A third client held multiple policies with three brokers in two states. With 30 percent annual growth, the company had outgrown its risk management program and broker service model. A redesigned program eliminated overlapping/duplicate cover, replaced three brokers with one and reduced total cost of risk by 5 percent.
“We needed a broker to help consolidate all our coverages under one umbrella,” said Dave Schroeder, CFO for Luna Grill Restaurants, which has grown from a single outlet in 2009 to nearly 50 today.
“In addition, we needed a thorough review to ensure we were properly insured. Ken and team came back with suggestions based on our current needs, future plans and industry norms. While a process like this is never easy, they made it as seamless as possible.”

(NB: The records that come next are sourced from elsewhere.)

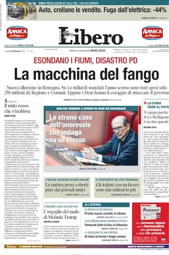 - "La macchina del fango" è il titolo di apertura scelto da Libero per raccontare il maltempo che ha di nuovo messo in ginocchio la Romagna e lo scontro politico che ne è seguito: "Esondano i fiumi, disastro Pd". "Su 1,6 miliardi stanziati l'anno scorso sono stati spesi solo 250 milioni da Regione e Comuni". Taglio centrale dedicato al caso dossier sull'ex procuratore Federico Cafiero De Raho
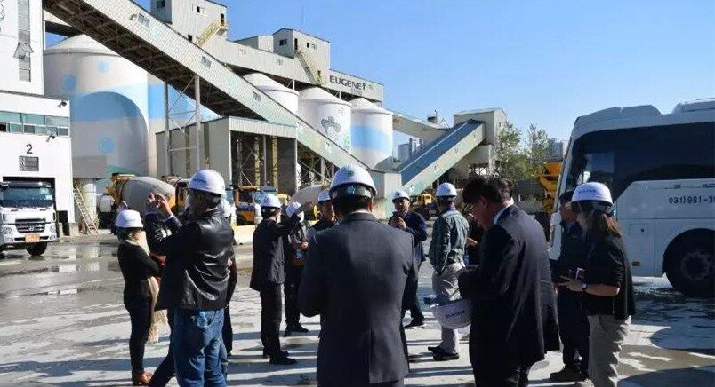 下午,由韓國協會安排考察了有進混凝土集團。韓國目前為止全國分布1050家混凝土攪拌站有進商砼集團擁有50余家攪拌站,年產量占全國產量的10%,是韓國砼行業的龍頭企業。考察團一行受到有進集團熱忱接待,參觀了生產線及實驗中心。
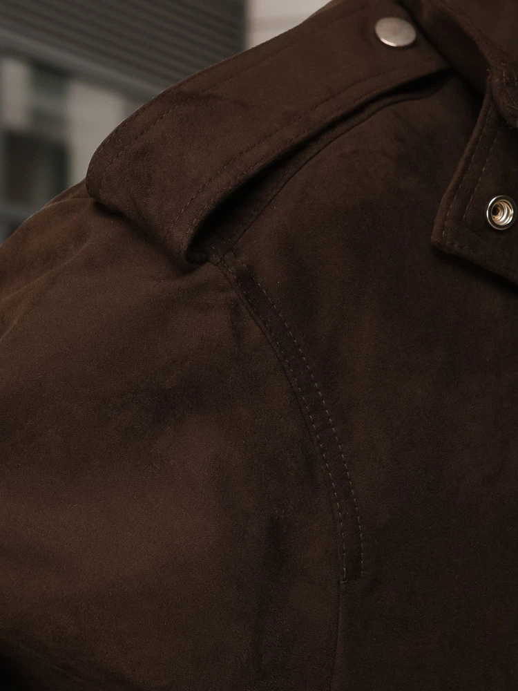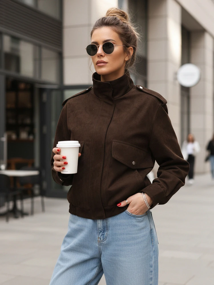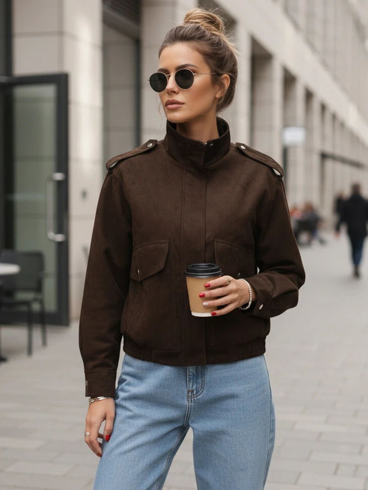 Tato bunda se díky své krátké délce a klasickému střihu osvědčuje jako praktický oděv pro přechodné období. Je vyrobena z imitace semiše a kombinuje estetický vzhled s pohodlným nošením. Vysoký límec a nastavitelný spodní lem jí dodávají strukturovaný vzhled a zvyšují ochranu před chladem. Kapsy dodávají funkčnost pro každodenní použití.

Christian Ford, Chief Operating Officer, Aon
When Aon’s Christian Ford reviewed a client’s program, what he found wasn’t good: 11 open or pending claims dating back three years. Further analysis revealed that while each claim was partially settled, several outstanding issues — one common to nine claims — put $1.6 million at risk.
The issue had previously been referred to both an independent adjuster and a forensic client, who were both adamant no payment would be considered.
Ford persevered, setting up a meeting between the client and the panel of insurers on their program. This outlined how lost revenue being claimed was earned and why it was integral to the business. A week later, there was little sign of concession.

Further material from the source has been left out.